Moise Pamela A, Hershberger Ellie, Amodio-Groton Maria I, Lamp Kenneth C
Cubist Pharmaceuticals Inc., Lexington, MA 02421, USA.
Ann Pharmacother. 2009 Jul;43(7):1211-9. doi: 10.1345/aph.1M085. Epub 2009 Jul 7.
Daptomycin is approved for the treatment of skin and skin-structure infections (4 mg/kg) and Staphylococcus aureus bacteremia, including right-sided endocarditis (6 mg/kg). In vitro and animal studies have reported increased activity with increased daptomycin doses. There are limited clinical data on use of daptomycin at doses greater than 6 mg/kg.
To evaluate the safety and efficacy of higher doses (> or =8 mg/kg) of daptomycin when administered for a variety of gram-positive infections.
Data were collected retrospectively as part of an ongoing registry (the Cubicin Outcomes Registry and Experience database) for the 2005-2007 program years. For the purpose of this study, the safety and efficacy of daptomycin were evaluated in patients who received doses of 8 mg/kg or higher.

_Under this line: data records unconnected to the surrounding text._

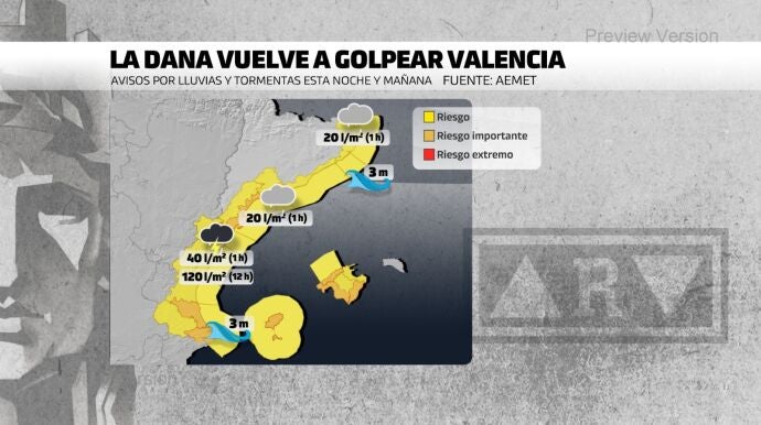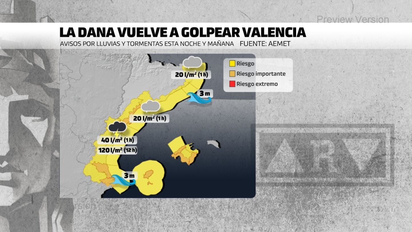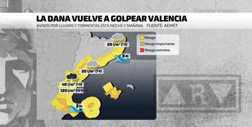 Una nueva DANA empeorará el tiempo a lo largo de este martes lo cual ha llevado a la Agencia Estatal de Meteorología (AEMET) activar un aviso especial por lluvias y chubascos muy fuertes que pueden resultar ser torrenciales. Las zonas afectadas, según la última actualización, serán Baleares, Levante, la provincia de Málaga y Andalucía occidental. En estas zonas, asegura el organismo, se pueden acumular más de 100 a 120 litros por metro cuadrado en 12 horas. Es por ello que pide "mucha precaución".
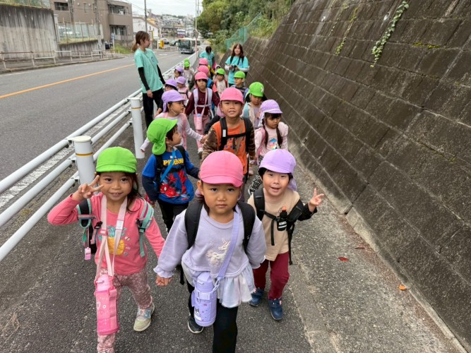 ぶどう組(5歳児)がとまと組(3歳児)れもん組(4歳児)と手を繋いで歩いて...
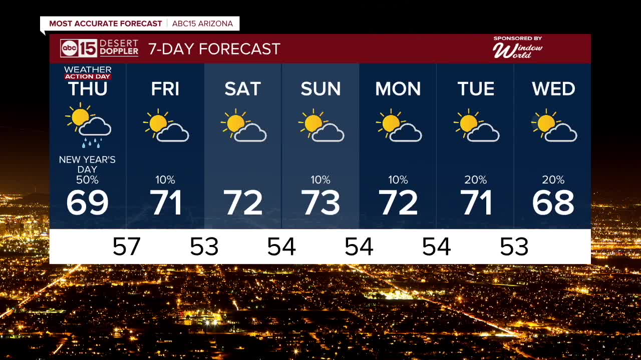Temperatures will drop a few degrees, bringing Valley highs down into the upper 60s on New Year’s Day.

Ninety-four (2.6%) of 3617 patients received daptomycin doses of 8 mg/kg or higher; 18 (19%) of those patients received doses of 10 mg/kg or higher. The most common infections were bacteremia (30/94), skin and skin-structure infections (22/94), and endocarditis (15/94). The most common pathogens were Enterococcus spp. (37/94; 57% vancomycin-resistant) and S. aureus (28/94; 68% methicillin-resistant). Fifty-one percent of the patients were male, 39% were aged 66 years or older, 27% had an initial creatinine clearance less than 30 mL/min, and 17% were on dialysis. The median duration of daptomycin therapy was 15 days (minimum 1, maximum 90). Six (6.4%) of the 94 patients experienced 1 or more adverse events or abnormal laboratory value changes possibly related to daptomycin; in 2 (2.1%) of the 94 patients, daptomycin was discontinued due to treatment-related adverse events. Seventy-four (79%) patients were considered evaluable for efficacy. The overall clinical success rate was 89% (bacteremia, 91%; skin and skin-structure infections, 88%; endocarditis, 67%).
Daptomycin was well tolerated and effective at doses of 8 mg/kg or higher in patients with gram-positive infections. Further prospective and comparative studies of daptomycin at doses greater than 6 mg/kg are warranted.
达托霉素已被批准用于治疗皮肤及皮肤结构感染(4毫克/千克)以及金黄色葡萄球菌血症,包括右侧心内膜炎(6毫克/千克)。体外及动物研究报告称,达托霉素剂量增加时活性增强。关于使用大于6毫克/千克剂量达托霉素的临床数据有限。
评估更高剂量(≥8毫克/千克)的达托霉素用于多种革兰氏阳性菌感染时的安全性和疗效。
作为2005 - 2007项目年度正在进行的注册研究( Cubicin结果注册与经验数据库)的一部分,回顾性收集数据。为了本研究的目的,对接受8毫克/千克或更高剂量达托霉素的患者的安全性和疗效进行评估。
3617例患者中有94例(2.6%)接受了8毫克/千克或更高剂量的达托霉素;其中18例(19%)患者接受了10毫克/千克或更高剂量。最常见的感染为菌血症(30/94)、皮肤及皮肤结构感染(22/94)和心内膜炎(15/94)。最常见的病原体为肠球菌属(37/94;57%对万古霉素耐药)和金黄色葡萄球菌(28/94;68%对甲氧西林耐药)。51%的患者为男性,39%的患者年龄在66岁及以上,27%的患者初始肌酐清除率低于30毫升/分钟,17%的患者正在接受透析。达托霉素治疗的中位持续时间为15天(最短1天,最长90天)。94例患者中有6例(6.4%)发生了1次或更多次可能与达托霉素相关的不良事件或实验室值异常变化;94例患者中有2例(2.1%)因治疗相关不良事件停用达托霉素。74例(79%)患者被认为可评估疗效。总体临床成功率为89%(菌血症,91%;皮肤及皮肤结构感染,88%;心内膜炎,67%)。
对于革兰氏阳性菌感染患者,8毫克/千克或更高剂量的达托霉素耐受性良好且有效。有必要对大于6毫克/千克剂量的达托霉素进行进一步的前瞻性和对比研究。